Goldman Sachs predicts big AI investments and more business deals

Goldman Sachs has projected that the second half of 2025 will see a rise in business deals and a huge wave of spending on artificial intelligence (AI).
Big tech companies stepped into 2025 with a visible sense of hesitation. Many of them, worried about the instability in the markets due to US trade tariffs, delayed major deals.
For example, fintechs Klarna and Chime both pulled or delayed their plans to start selling shares to the public on the stock market. Both companies claimed to have come to this decision due to concerns over US tariffs.
April 2nd was the so-called “Liberation Day” when new tariffs were announced and businesses stopped making big deals, such as buying other companies or selling shares to the public, Reuters reported.
Goldman Sachs – one of the biggest and well-known investment banks, claims that the situation now seems to be changing for the better and will likely remain so as the world moves into 2026.
Christina Minnis, the bank’s global head of credit finance, told Bloomberg, that companies are once again showing interest in mergers and acquisitions (M&A) after a slow and uncertain start to the year.
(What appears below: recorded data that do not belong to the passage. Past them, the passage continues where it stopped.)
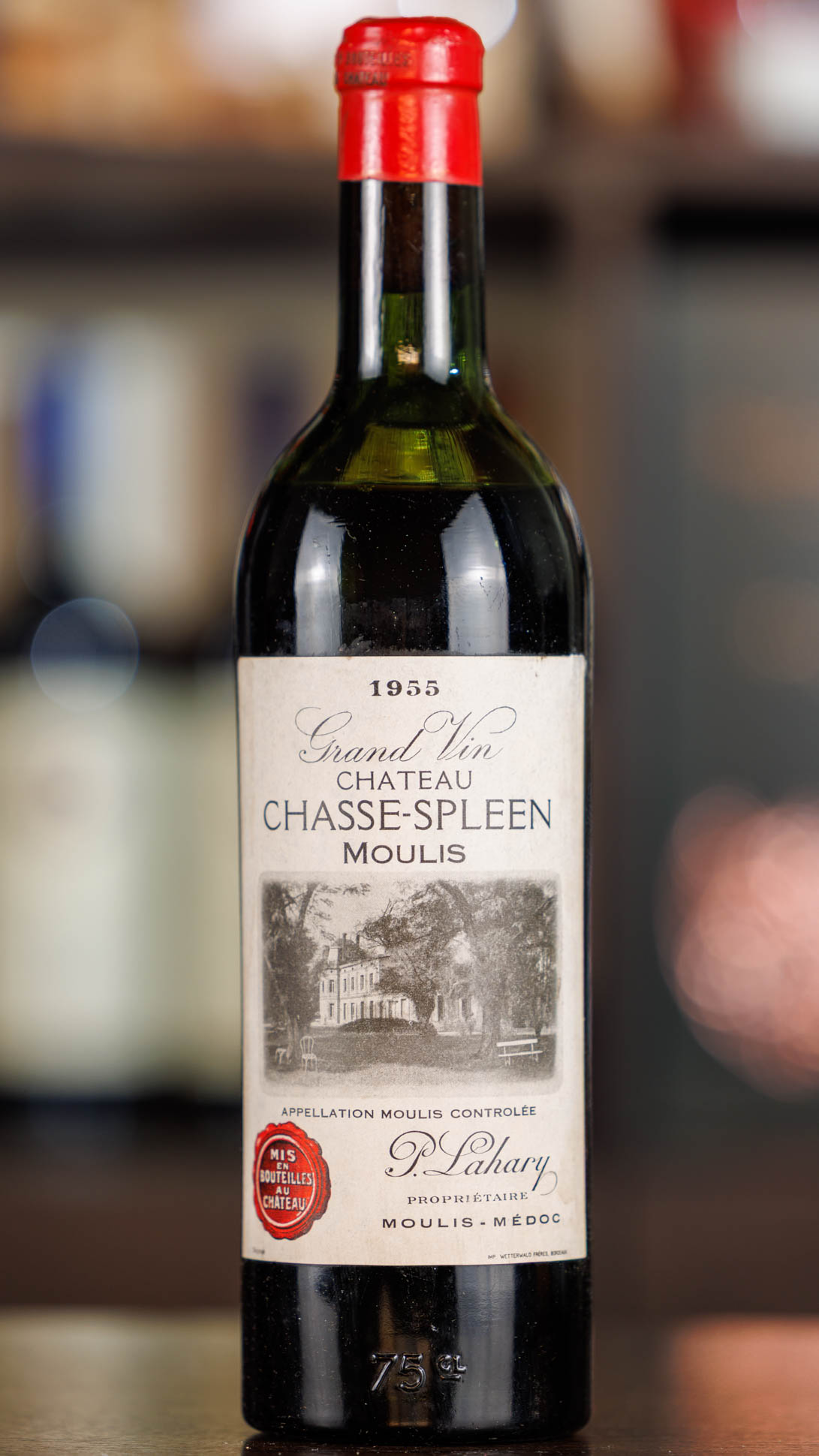 Chateau Chasse-Spleen 1955 года демонстрирует сложный и аристократичный букет, в котором соединились ноты сушеных красных и черных ягод, кожи, кедра, табака и влажной земли. В аромате ощущаются нюансы трюфеля, грибов и старой табакерки, что является характерным признаком благородного старения классического Медока.
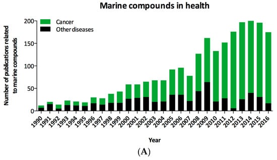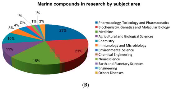 (A) The number of scientific publications about marine compounds displays an upward trend in the last twenty years, especially in the field of cancer; (B) Relevance of marine compounds by subject area. Data have been obtained from PubMed and Scopus for English language publications published without start date restrictions up to January 2017.
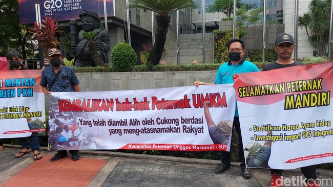 Jakarta - Komunitas Peternak Unggas Nasional (KPUN) unjuk rasa di Kemendag. Demo menuntut sejumlah kebijakan salah satunya harga ayam di kelas peternak yang anjlok.
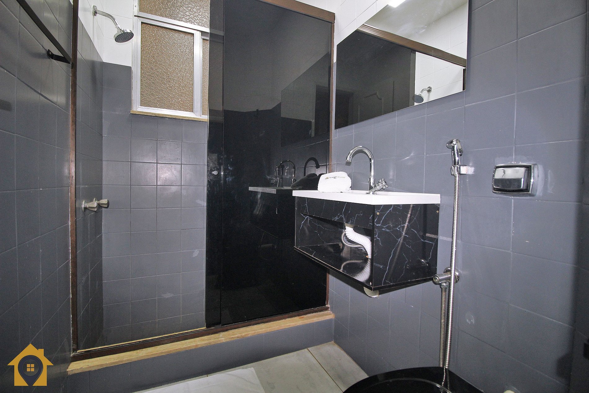 Banheiro com chuveiro a gás.
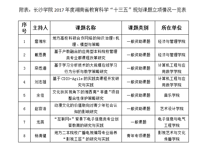 根据湖南省教育科学规划领导小组限额申报要求,开云今年共申报湖南省教育科学“十三五”规划课题15项。经专家网上盲评,评委会会议审定,开云8项课题获得立项,其中一般资助课题6项,一般课题1项,青年专项课题1项。具体立项情况详请见附表:
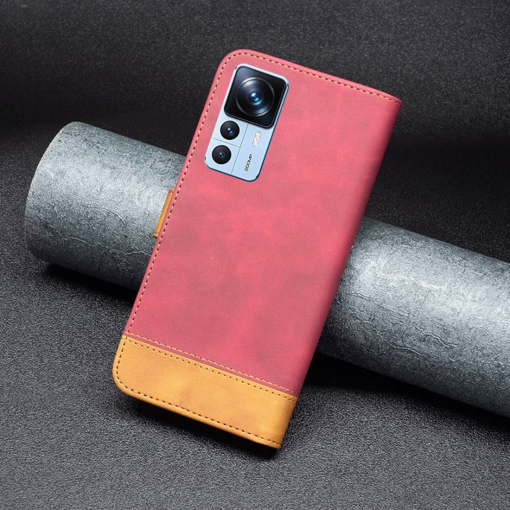Θήκη Xiaomi 12T 5G / 12T Pro 5G BINFEN COLOR Leather Wallet Double Stitching Lines v2 με βάση στήριξης, υποδοχές καρτών και μαγνητικό κούμπωμα κόκκινο
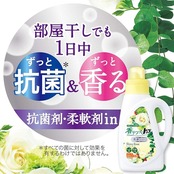 部屋干しでもイヤなニオイを抑えて、衣類だけでなくお部屋に広がる香りまで楽しめます。抗菌剤配合で、部屋干しでも1日中ずっと抗菌、ずっと香る柔軟剤入り洗濯洗剤・液体洗剤です
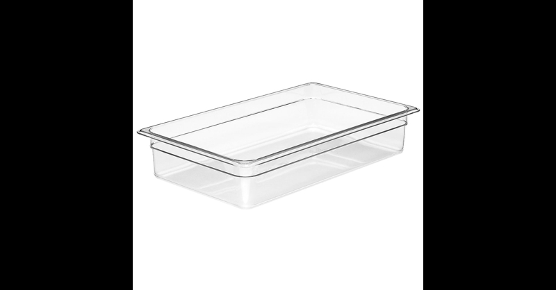 Cambro Camwear qt Full-size food pan is a food storage unit that is ideal for commercial food services. Clear pan measuring 4" x 20 7/8" features a non-stick inner surface for greater ease and is made of polycarbonate plastic for durability. Polycarbonate. 4'' H 20 7/8'' W Cap. Full-size food pan, Clear polycarbonate, Non-stick interior surface. Polycarbonate. 4'' H 20 7/8'' W Cap. This food pan from Cambro features Full-size food pan, Clear polycarbonate, Non-stick interior surface. It is made of Polycarbonate.
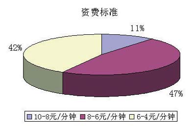 在調查中,67.4%的用戶對現(xiàn)有中國電信的資費標準(10元/分鐘)表示不滿,32.6%的用戶表示滿意。但同時58%的用戶對能接受的資費標準上又選擇了居中和較高的資費標準,表明用戶對視訊應用產(chǎn)品的價格承受能力較高。
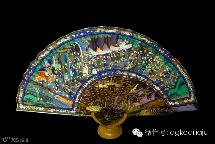一把18世纪的不对称扇子,藏于西班牙。玳瑁扇骨,丝绸扇面,上绘东方神秘国家——中国的生活。
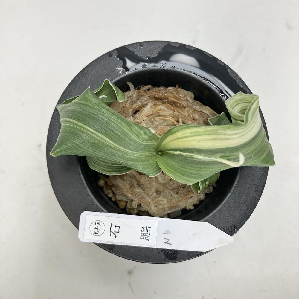麒麟系の『縞獅子』に突然、純白の図が現れたもの。繁殖した親、子とも鮮明な図が入り固定する。一時期『鶴の舞の図』と称されていたとおり巻きが良い。本種は雅糸竜などは『鶴の舞』に似るが、図が出たためか少し小型で葉幅が狭い。時に横へ大きく伸びる葉や鎌葉も出す。
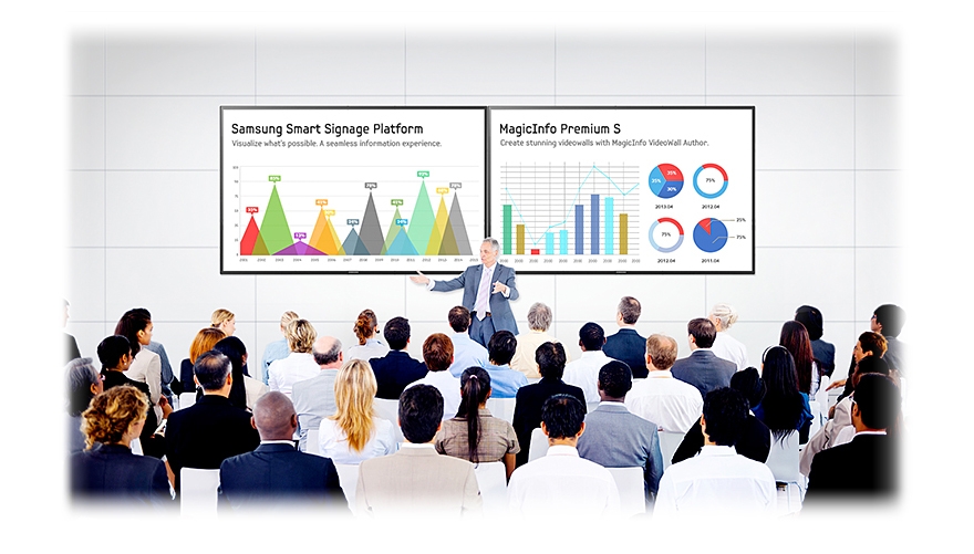 You can create multimedia and interactive content easily with pre-made templates. Customise your message using the intuitive user interface. Content can be played on multiple displays from a central PC, directly from internal storage or from a USB drive through plug and play. You can also efficiently monitor and schedule various types of content on multiple displays from one central location. These features of the embedded Samsung MagicInfo Premium S player come at no additional cost. With SSSP and the MagicInfo Premium S player, monitoring display status and controlling display operation have never been simpler.
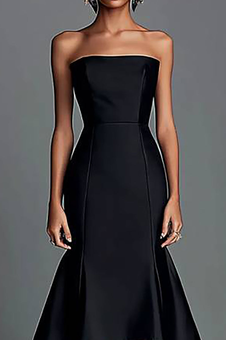 Formal Evening Dress Black Strapless Floor-Length Gown
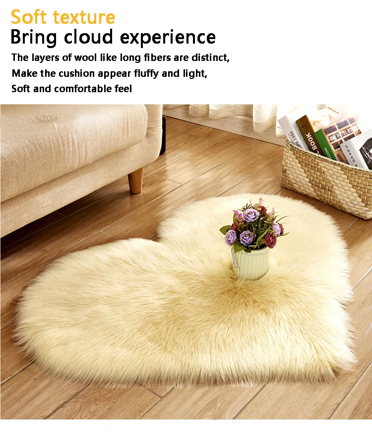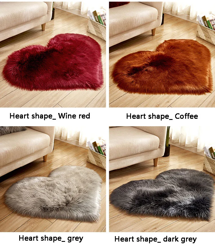Название: ковер в форме сердца Рисунок: однотонный Форма: форма сердца Особенности: плюш длиной 5-6 см, теплый и дышащий, удобный и мягкий Подходящая сцена: спальня, гостиная, балкон и т. д.
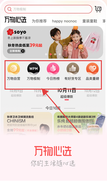 3、返回萬物心選app首頁,瀏覽萬物自營萬物極制等專區,按需點擊進入,挑選心儀的母嬰童裝等商品,開啟便捷購物體驗。
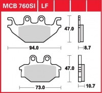 Specifikace brzdových destiček:- označení destiček a směsi: MCB 760 SI

She noted that boardrooms and investors are becoming more confident, and as a result, dealmaking is “really picking up.”
Another area where businesses show more activity compared to the first half of the year is AI. As the technology develops, it requires extra infrastructure, such as data centers and power plants to produce electricity, and communication networks to support it.
Bloomberg predicts that building this infrastructure will cost at least $1 trillion over the next decade. Minnis called this rush to build AI infrastructure “incredible,” saying it will drive a significant amount of financing in the years to come.
This renewed optimism in dealmaking and AI infrastructure investment is also showing up on the factory floor.
US manufacturing contracted for a sixth straight month in August as factories continued to grapple with the impact of import tariffs, but an AI spending boom is lending support to some segments of the industry.
Despite the persistent weakness in the PMI (a measure of the economic health of the manufacturing sector), businesses have been boosting spending on AI products, which is helping to offset some of the drag from import duties.
Spending on intellectual property products grew at its fastest pace in four years in the second quarter, while investment in equipment was strong. Economists expect the AI spending spree to continue, with factories also likely to get a boost from accelerated depreciation allowances on investments in President Donald Trump's tax and spending bill.
In Europe, stricter regulations are expected to limit banks’ traditional role in funding infrastructure, which means that more of the funding will come from investors in the stock and bond markets.